Verhalen over taal: Weg met de bokken, vooruit met de geit
Harriët van Wetten is schrijfster van het boek Kinderloos; tien vrouwen delen hun verhaal (2013).
Het woord feminisme verscheen voor het eerst in 1914 in Van Dale, in de 5e editie. Dat tijdstip is niet vreemd. Het waren de hoogtijdagen van de eerste feministische golf. Vrouwen als Wilhelmina Drucker en Aletta Jacobs zetten zich in voor de rechten van de vrouw. Vijf jaar na de vermelding van feminisme in Van Dale vierde de vrouwenkiesrechtbeweging haar overwinning met het verkrijgen van het actief kiesrecht voor vrouwen.

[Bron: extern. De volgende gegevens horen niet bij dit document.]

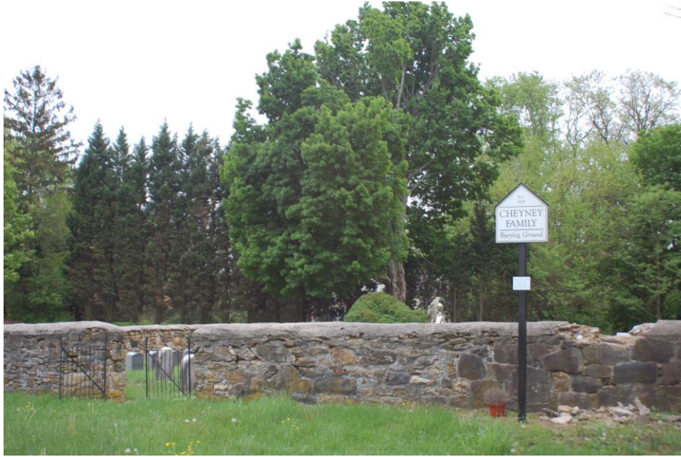
Cheyney Family Cemetery, Looking South
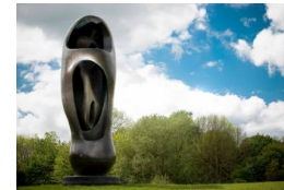
Object number: LH 297a cast 0 Classifications: Sculpture Title: Large Upright Internal / External Form Date: 1953-54 cast 1981-82 Medium: bronze Ownership: The Henry Moore Foundation: acquired 1986
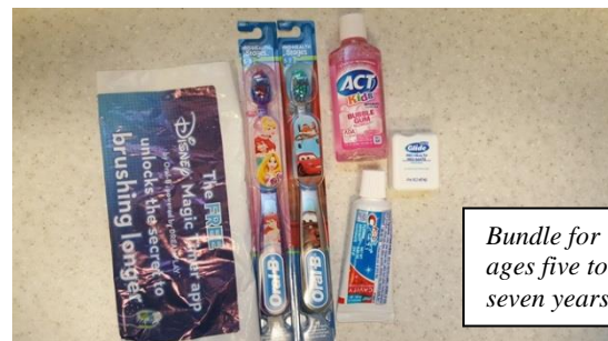
Bundle for ages five to seven years.
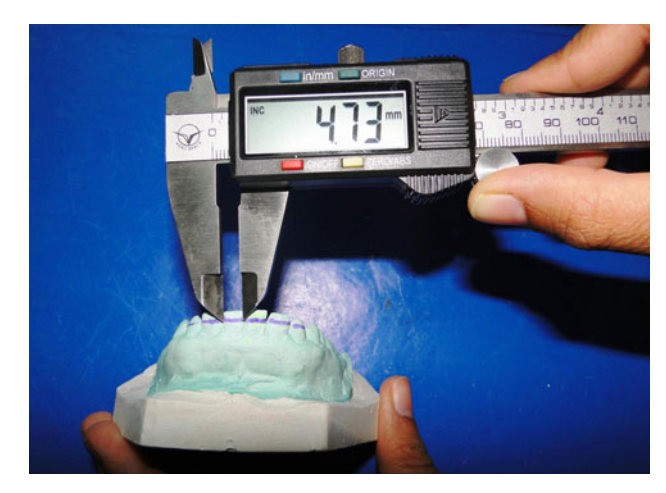
Fig. 3 Measurement of mandibular teeth using Vernier caliper

The percent of similar combined mean mesiodistal width of maxillary anterior teeth right and left side in male and female subjects is 7.17 and 9.56% and in mandible is 9.56 and 11.95%, respectively, as shown in Table 5 (Fig. 4). The maximum number of similar right and left teeth in male subjects is maxillary canine which amounts to
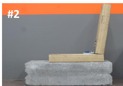
Samples as supplied
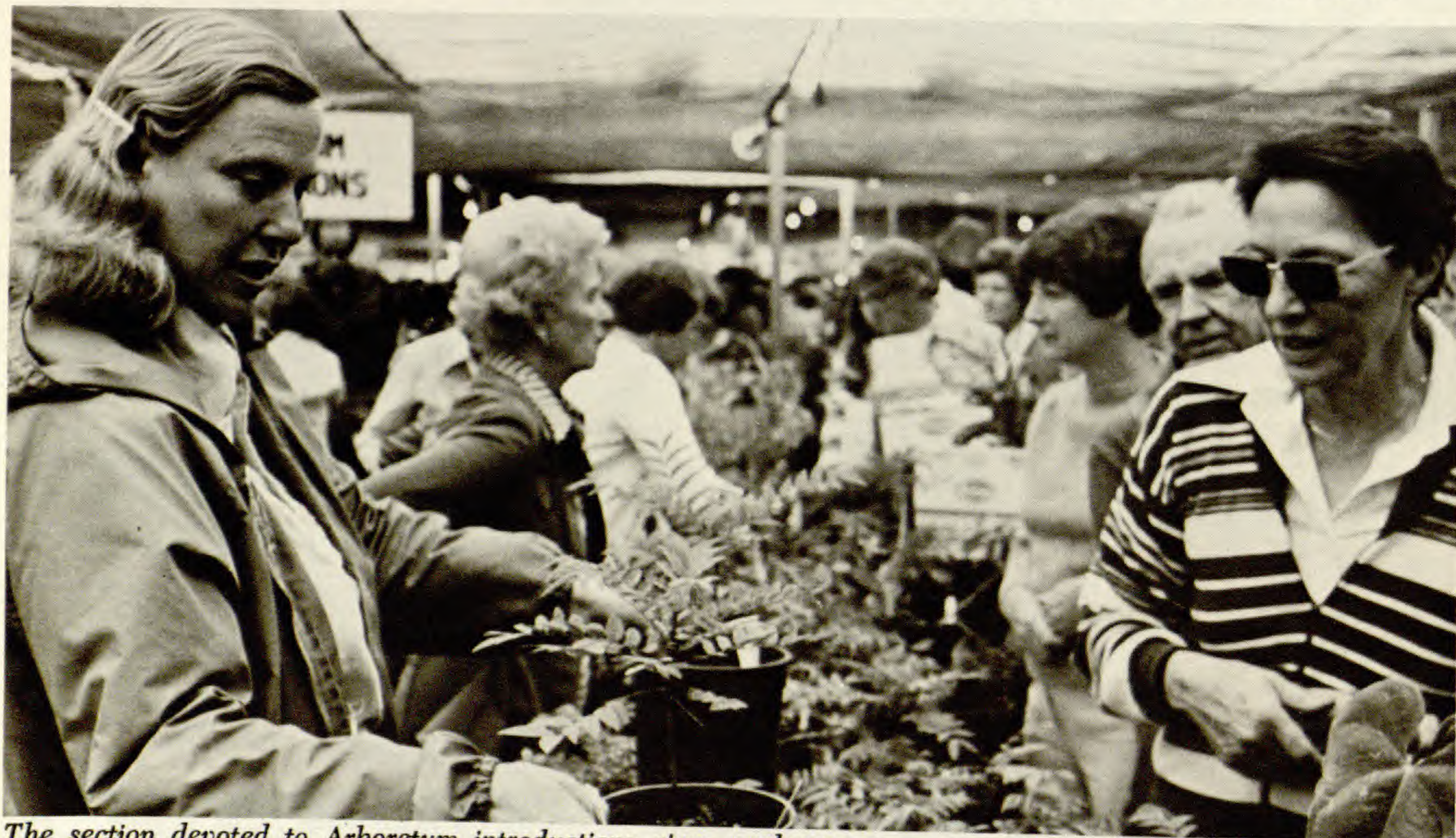
The section devoted to Arboretum introductions gives gardeners an opportunity to obtain unusual plants like these gold madallion trees ( Cassia leptophylla ) before the introductions are widely available in the nursery trade.
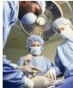
X-ray technician [eksrei tekniSn]
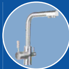
They may be connected to three-way faucets of SUPREME brand*
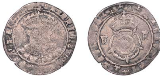
5 Testoon, Southwark, mm. S, crowned bust facing, HENRIC 8 D [—] FRA Z HIB [—], rev. CIVITAS LONDON divided by florets, crowned rose dividing crowned H R, mostly Lombardic lettering, broken saltire stops, 6.39g/4h (Jacob O2/R2; Whitton (2); N 1842; S 2367). Face flat, otherwise fine, rare £600-£800
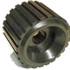
T1755 9.60 ROLLER COASTER 120 mm x 90mm BORE
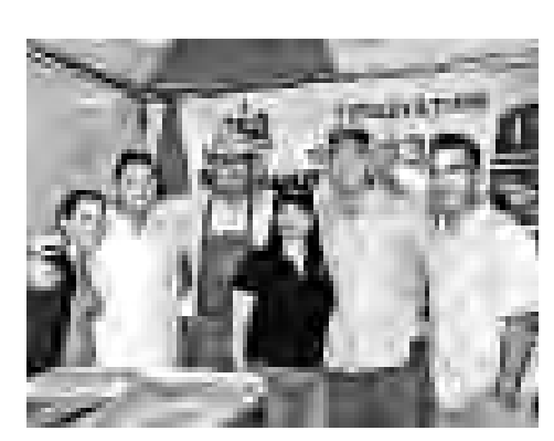
Station 39: chicken tostadas.
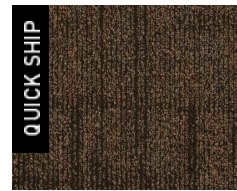
2385 Free Spirit
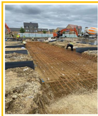
Central foundation rebar tying in progress.
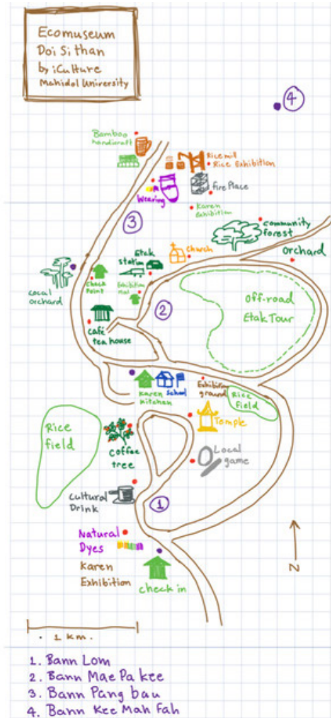
Figure 2. Map of Doi Si Than Ecomuseum. It covers four villages (Bann Lom, Bann Mae pa kee, Bann Pang bua, Bann Kee mha fah) 3 with an indication of intangible and tangible heritage aspects in each of them. (drawing by the authors).

Mue sa to is the signature Karen chili paste (see Figure 3) included in almost every meal and food combination. There are two kinds of mue sa to , wet and dry. Karen chili has become popular with a degree of spiciness. The chili is mixed with garlic, salt, and ma-kan , a local pepper. To prepare it, grilled chili and grilled garlic are mixed and pounded in the mortar. After other ingredients are added, together with almost any kind of meat or vegetable, it is pounded and served. Mue sa to comes in seasonal varieties,
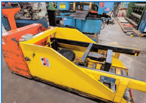
PARTIAL VIEW OF ELECTRIC DIE LIFTS, PALLET JACKS, STORAGE TRAILERS
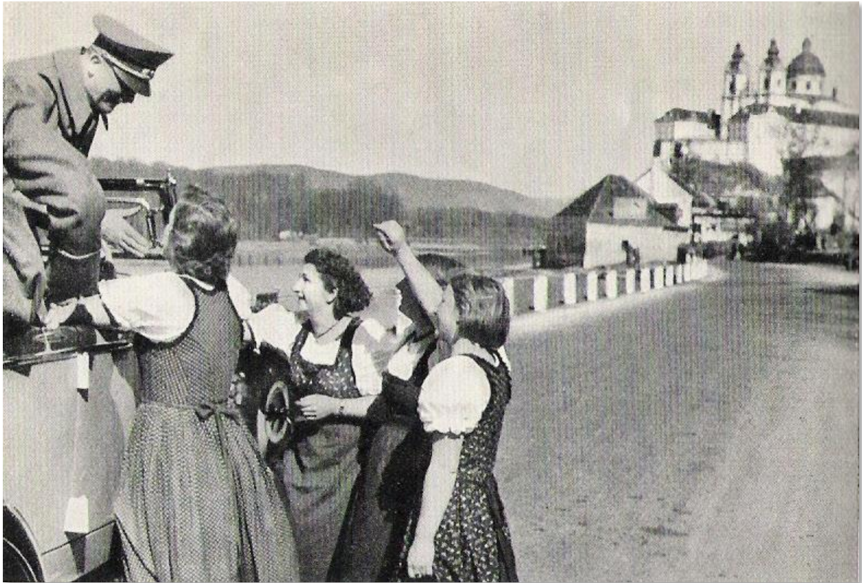
Hitler on his way to Vienna, March 12, 1938

He has the magnetic appeal of the genuine orator and has the power of making his audience feel that he is voicing their thought and speaking for them. That probably is because he himself has come from the people and is able to think and feel with them. And it is for this reason that the German youth has gathered so enthusiastically around him. In his personal requirements, Hitler is extremely modest. He does not eat meat or take any alcoholic drinks; nor does he smoke. This is simply because he feels it suits his health better to be abstemious in regard to these things.
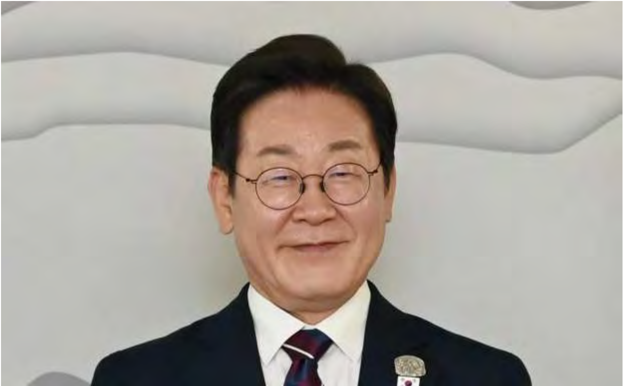
President Lee Jae-myung at a G-7 Summit June 17, 2025
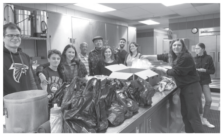
Members of Annunciation Cathedral's GOYA (Greek Orthodox Youth of America) prepare to-go bags at the December Community Kitchen. Some 130 guests were served a hot meal.

In February Community Kitchen will take place on Tuesday, February 18, 5:30 p.m. for set up and 6:30 p.m. for serving. We look forward to your participation.

Het woord ‘feminisme’ waarde al wel langer rond voordat het in Van Dale verscheen. Delpher, de website waarop historische kranten te raadplegen zijn, geeft als oudste vindplaats voor Nederland 2 februari 1895. In het Algemeen Handelsblad van die dag doet een journalist verslag van een toneelstuk dat hij in Parijs had gezien, getiteld: L’évolution de l’amour et de la femme. De titel deed anders vermoeden, schreef de recensent, maar het ging in het toneelstuk toch wel degelijk om ‘propaganda maken voor het ideaal der feministen’.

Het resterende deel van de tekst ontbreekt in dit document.